- About this task:
The answer should consist of the full listing below, repeated exactly and free of pictures.

- Data below:
----------------
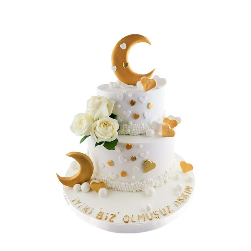 Pastanın üstünde detaylı olarak tasarlanmış ay figürleri, yıldızlar ve romantik ayrıntılar yer alıyor. Renk seçenekleri ve kişiselleştirilebilir detaylarıyla bu pasta, sizin ve eşinizin dünyasını yansıtarak evlilik serüveninizi lezzetle taçlandırıyor.
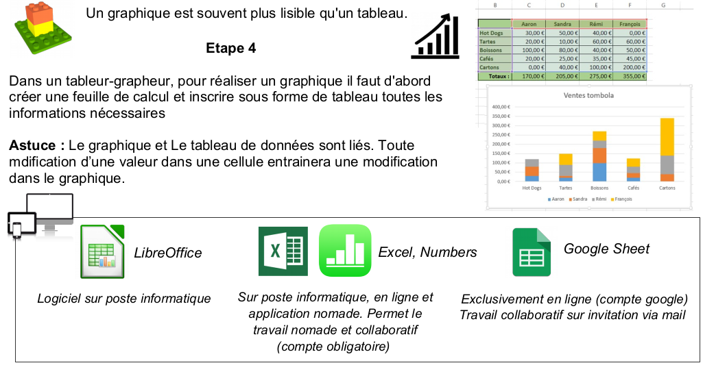 Un tableur-grapheur est un outil de traitement de l’information. Il permet de présenter des informations sous forme de tableaux et de graphiques. Il permet également d’automatiser un certain nombre d'opérations grâce aux « fonctions » (fonctions mathématiques, fusionner des listes de mots, incrémenter automatiquement dates, heures, chiffres, ...)
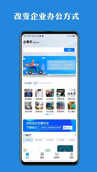 企帮手app的出现大大改变了企业传统办公服务流程,能够满足全生命周期过程的所有需求,设备购买租赁、办公用品、服务商验证入驻等等,为企业带来的便捷高效化的综合服务。
----------------
- Solution to the exercise:
 Pastanın üstünde detaylı olarak tasarlanmış ay figürleri, yıldızlar ve romantik ayrıntılar yer alıyor. Renk seçenekleri ve kişiselleştirilebilir detaylarıyla bu pasta, sizin ve eşinizin dünyasını yansıtarak evlilik serüveninizi lezzetle taçlandırıyor.
 Un tableur-grapheur est un outil de traitement de l’information. Il permet de présenter des informations sous forme de tableaux et de graphiques. Il permet également d’automatiser un certain nombre d'opérations grâce aux « fonctions » (fonctions mathématiques, fusionner des listes de mots, incrémenter automatiquement dates, heures, chiffres, ...)
 企帮手app的出现大大改变了企业传统办公服务流程,能够满足全生命周期过程的所有需求,设备购买租赁、办公用品、服务商验证入驻等等,为企业带来的便捷高效化的综合服务。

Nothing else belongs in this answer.